Deferred (Phase B/C: only after validation)
- Default-on automatic compaction near context window threshold.
- Persistent schema additions for compacted artifacts and per-chat memory record types.
- Advanced summarization strategies (hierarchical rolling summaries, semantic dedup, retrieval-time expansion).
Dissent
- Skeptical Reviewer dissents from enabling automatic compaction by default in early rollout.
- Retrieval Specialist argues for earlier auto-compact if guardrails are strict.
- Resolution: ship manual and instrumentation-first flow, enable auto-compact only behind admin configuration and after quality probes pass.
Assumptions
- Current planner and tool loop are the right integration points for context budgeting and compaction.
- Existing trace infrastructure can carry compaction provenance without major UI redesign.
- Local storage/session model can safely host a first version of per-chat memory ledger before schema promotion.
Risks
- Summary drift: compacted text could omit critical constraints.
- Tool-loop inflation: compacting at the wrong time could trigger extra tool calls and latency.
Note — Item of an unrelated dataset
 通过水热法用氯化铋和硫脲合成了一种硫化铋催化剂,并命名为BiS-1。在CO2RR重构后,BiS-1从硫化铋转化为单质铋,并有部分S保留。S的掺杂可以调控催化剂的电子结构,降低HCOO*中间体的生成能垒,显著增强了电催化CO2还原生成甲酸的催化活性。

- UX opacity: users may not realize answer quality is affected by compaction.
- Provider variance: context-window metadata reliability differs across providers.
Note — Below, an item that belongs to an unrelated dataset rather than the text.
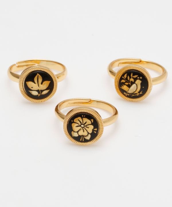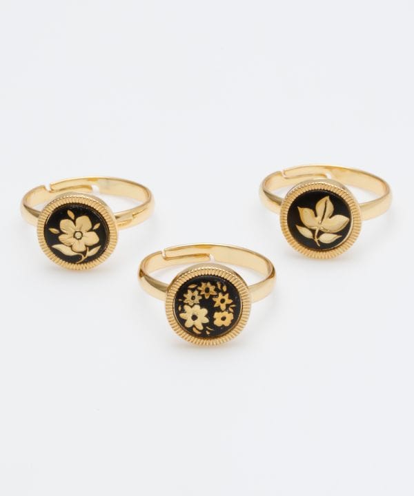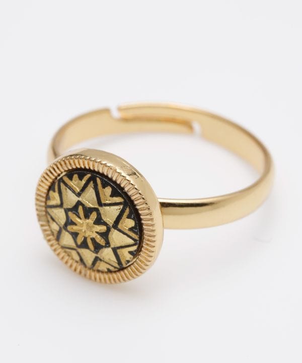 スペインとイスラム文化の融合により生まれた、スペイン・トレド地方の伝統工芸「ダマスキナード」のアクセサリーシリーズ。古く15世紀頃にはトレドの文化として根付いていたといわれています。模様には幾何学模様や草花、動物のモチーフが多くあしらわれ、その美しく繊細な技術には職人の腕と歴史を感じられます。女性の指に収まる小ぶりなデザインはどんな装いにもそっと華を添えます。使いやすいサイズ調整可能なリングです。

- Migration debt: introducing persistent schema too early could require costly backfills.
Acceptance Criteria
- A budget trace event appears for each turn with token allocation and any truncation/compaction reason.
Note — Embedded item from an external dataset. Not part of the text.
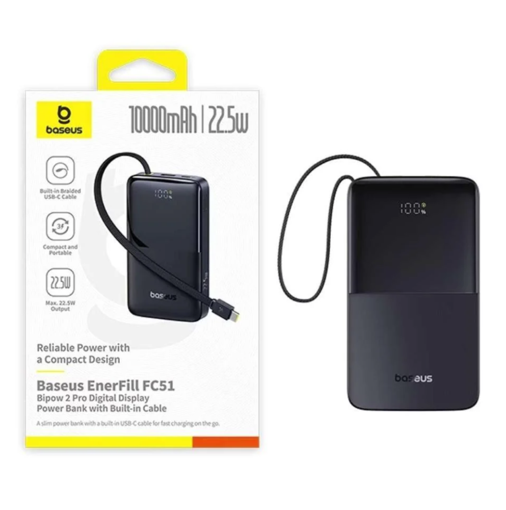 باور بانك بيسوس بسعة 10000 مللي أمبير هو الحل المثالي للشحن أثناء التنقل. تصميمه الصغير والخفيف يجعله سهل الحمل في الجيب، ويتميز بسلك تايب سي مدمج بقوة شحن 22.5 واط لتوفير أداء سريع وفعال. مزود بشاشة رقمية لعرض نسبة البطارية المتبقية بدقة، بالإضافة إلى منفذ تايب سي ومنفذ USB لتعدد خيارات الشحن.

- Manual /compact produces a compact artifact with source turn lineage and visible references in Trace.
- No-context smoke prompt still skips preload and remains unaffected by compaction behavior.
- Retrieval prompts retain equivalent or improved success on targeted chat retrieval tests after compaction.
- Auto-compact remains disabled by default and is configurable with explicit thresholds and rollback toggle.
- Compacted context can be expanded back to source turns for audit.
- Agent write proposals remain approval-gated and read-only tools remain bounded.
Validation Gates Before Implementation
- Unit/integration tests: - Extend MemorySmith.Tests/PagesAndChatTests.cs with compact/manual/auto-threshold scenarios. - Extend MemorySmith.Tests/ChatToolCatalogAndInterceptTests.cs for context diagnostic tools.
- Regression commands:
-
dotnet test MemorySmith.Tests --filter "FullyQualifiedName~PagesAndChatTests|FullyQualifiedName~ChatToolCatalogAndInterceptTests"-dotnet test MemorySmith.Tests - Chat quality probes: - Exact reply no-context probe. - Retrieval-heavy probe requiring at least one tool/intercept and reference chips.
- Rollback proof: - Verify disabling compaction flags restores prior behavior without data loss.
Open Questions
- Should per-chat memory ledger stay browser-local first or sync to server-side session storage from day one?
- Which compaction trigger should lead: absolute token threshold, percentage of context window, or combined latency+token heuristic?
- Should compact artifacts be treated as regular history messages or as a distinct non-model-authored context type?
- How should compacted summaries interact with Agent mode proposed writes to avoid writing summary artifacts as facts?
- What minimum citation density (source links per summary chunk) is required before allowing auto-compact default-on?
Confidence And Readiness
- Overall confidence in phased recommendation: 87%.
- Readiness for immediate implementation: medium, contingent on acceptance gates above.